TEMPO.CO, Depok – Dosen Universitas Indonesia, Ade Armando mengatakan tidak terlalu menggubris adanya petisi online yang menyudutkan dirinya agar segera keluar dari kampus kuning tersebut.
Menurut Ade, hal itu wajar mengingat Indonesia merupakan negara demokrasi yang setiap warganya bebas berpendapat, “Tentu saja hak mereka ya, karena didalam demokrasi memang diizinkan untuk melakukan hal semacam itu dan saya tidak risau dengan hal semacam itu,” kata Ade dikonfirmasi Tempo, Rabu, 6 November 2019.
Ade mengatakan dirinya lebih risau apabila masyarakat hanya mementingkan soal dirinya, dalam hal ini soal meme dan petisi online tersebut, “Kenapa mereka lebih peduli dengan meme dan malah menggugat kedosenan saya ya, ketimbang sebenernya potensi kebocoran anggaran APBD DKI yang mencapai ratusan miliar rupiah,” kata dia.
Menurut Ade, seharusnya masyarakat dapat melihat dugaan kebocoran anggaran APBD DKI Jakarta sebagai isu besar, “Buat saya yang lebih penting adalah kita harus menyelamatkan uang rakyat nih kita harus mengawasi Anies dalam hal sebagai seorang gubernur,” ujarnya.
Sebelumnya, sebuah petisi online berjudul Universitas Indonesia Pecat Ade Armando tersebar di media sosial.

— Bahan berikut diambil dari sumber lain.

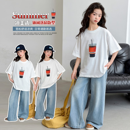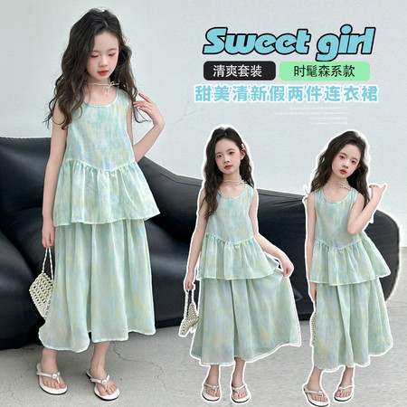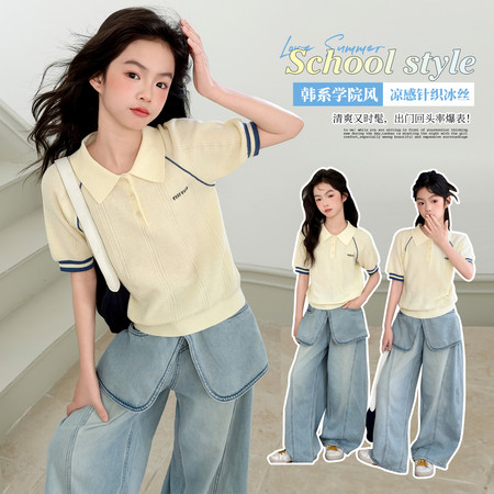 双鱼妮妮&SY-2527女童天丝不规则设计感套装
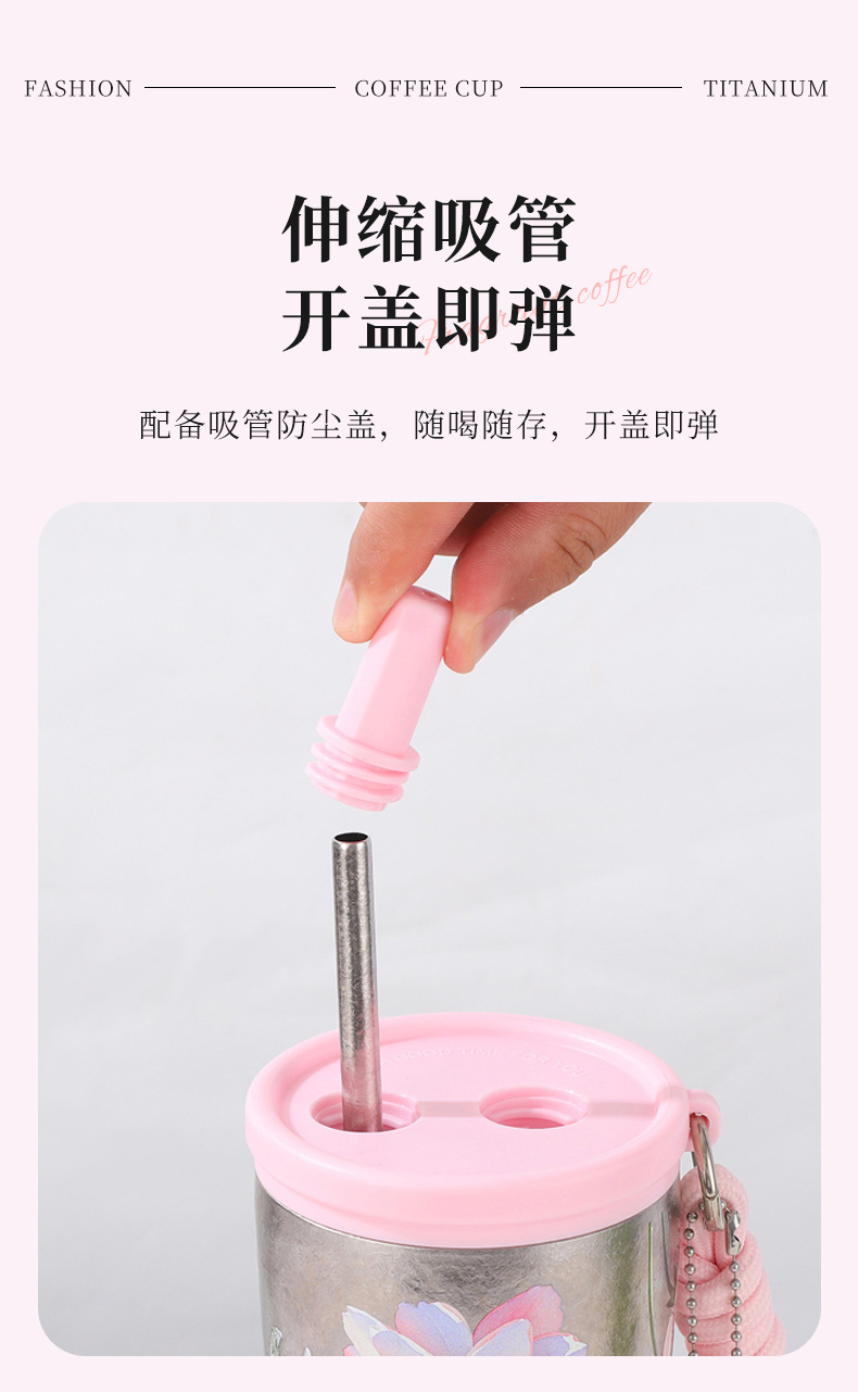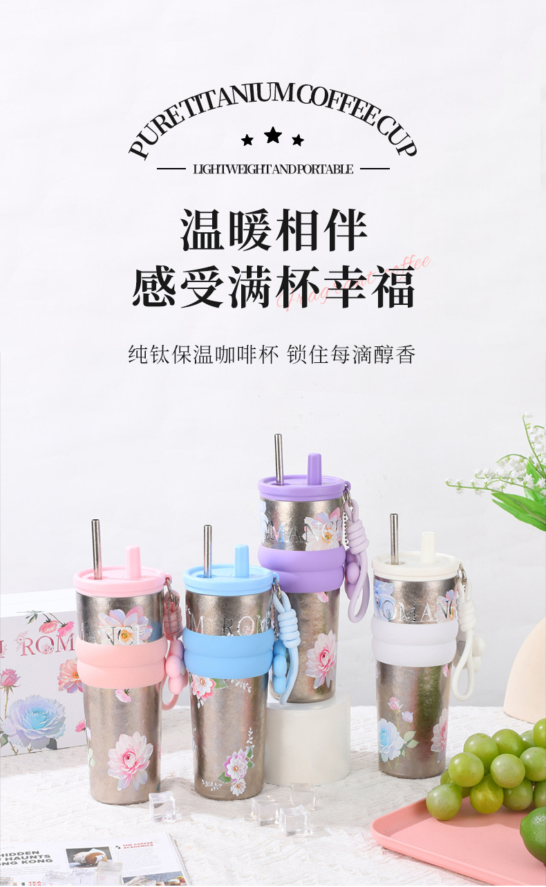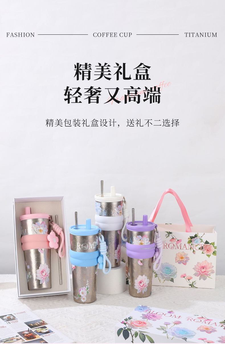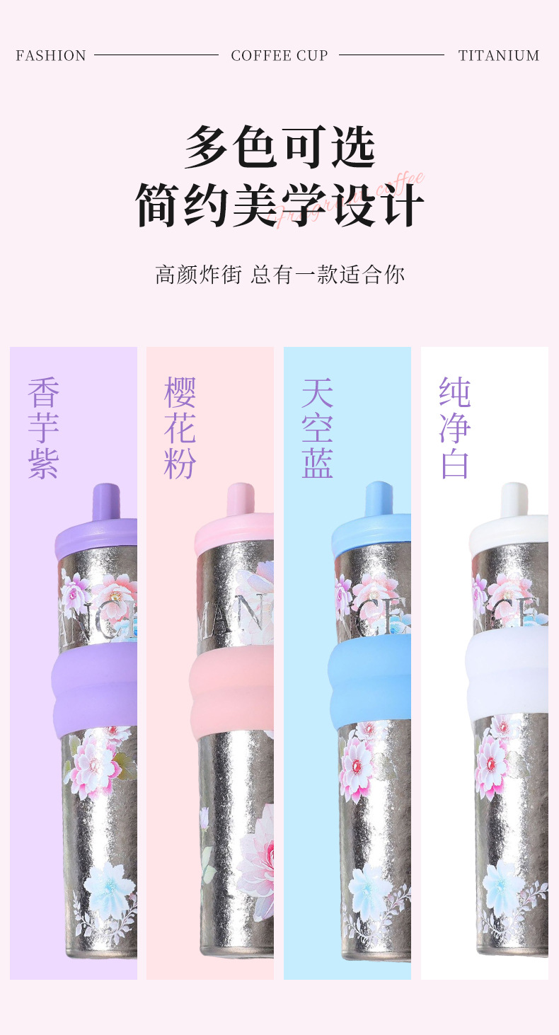 花之語純鈦咖啡杯小清新保冷吸琯保溫杯高級商務鈦杯禮盒套裝
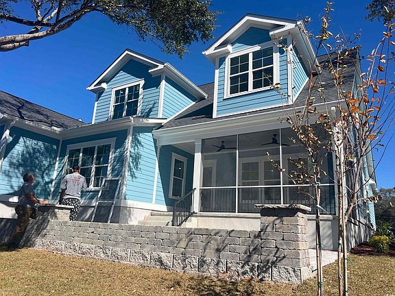 This beautiful home is located in the popular Cherry Grove Community of Charleston Landing with views of the Intercoastal Waterway. A large tree and lake views from your backyard and patio will make this the perfect place for your forever dream home. This home has 10' ceilings throughout the 1st floor. The first floor living area is 2124 heated sq ft and will consist of a split floor plan giving the owners privacy when entertaining family and friends. The spacious owner's bedroom with en suite bathroom and custom walk-in closet is located in the rear of the home with water views from each window. The second bedroom/office with a walk-in closet and attached full bathroom is located at the front left of the home. The family/great room with a fireplace is located on the back left side of the home with access to the screened porch where you can enjoy water view and beautiful sunsets. Enjoy the beautiful custom patio right off of the back screened porch. It is perfect for family gatherings and cooking out. The designated dining area has views of the lake and fountain. Large functional kitchen with 8' island and plenty of cabinets space. Just outside of the master suite is the large laundry room and drop area from the spacious 2 car garage. The second floor is 1440 heated sq ft. Bedroom #3 has a walk-in closet and en suite. Bedroom #4 a walk-in closet and shares the full bath with the Game/Bonus room. Both bedrooms #3 and #4 will have views of the water and calming fountain in the backyard. This community has a private swimming pool with lounge seating, a clubhouse facility with a partial kitchen for residents, a playground, basketball court, gazebos along the pond/lake and sidewalks and trails for walking. Just a short golf cart ride to the beach. Give us a call today to discuss!
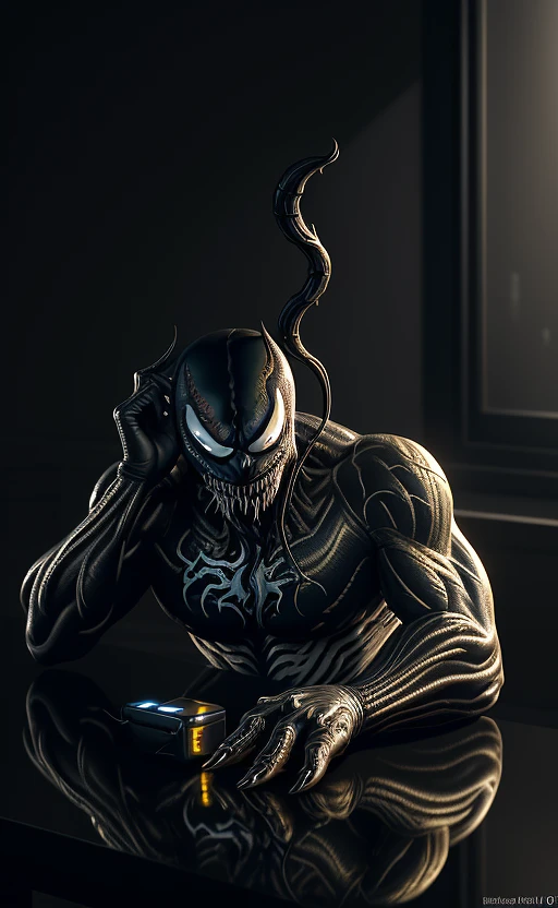earphone on the table with the design and character of Venom The earphone is gold and Black dark, no watermark, no copyright, high gloss, highly detailed, intricate, silver scrollwork, unreal engine 5, octane render, lumen reflections, quixel megascan, 8k, studio lighting, —ar 1080:1920

Petisi yang dibuat akun Nadine Olivia di Change.org pada Senin, 4 November 2019 itu kini telah ditandatangani 23.000 orang.
Berbagai alasan masyarakat yang menandatangani petisi online tersebut, salah satunya datang dari akun Freddy Hanafi yang menyatakan Universitas Indonesia tidak membutuhkan Ade Armando, “UI tidak membutuhkan dosen yang salah kaprah dalam teori-teori keilmuannya, yang hanya menyesatkan pola fikir generasi bangsa,” tulis Freddy.
Akun lainnya, Imelda Nelly menyatakan lebih tegas agar UI segera memecat Ade, “Pecat Ade Armando secepatnya,”
Kepala Kantor Humas dan KIP Universitas Indonesia, Rifelly Dewi Astuti mengatakan, petisi online merupakan bagian dalam penyampaian aspirasi masyarakat. “Kami dari Humas pada dasarnya menyerap setiap aspirasi publik dan menyampaikannya kepada pimpinan,” kata Rifelly kepada Tempo, Selasa 5 November 2019.
Rifelly mengatakan pemecatan dosen harus melalui prosedural yang diatur dalam aturan kepegawaian Aparatur Sipil Negara (ASN) dari Kementerian Pendidikan dan Kebudayaan. “Jika terkait prosedur pemberhentian, hal tersebut sepenuhnya melalui peraturan kepegawaian ASN dari Kementerian Pendidikan dan Kebudayaan,” kata dia.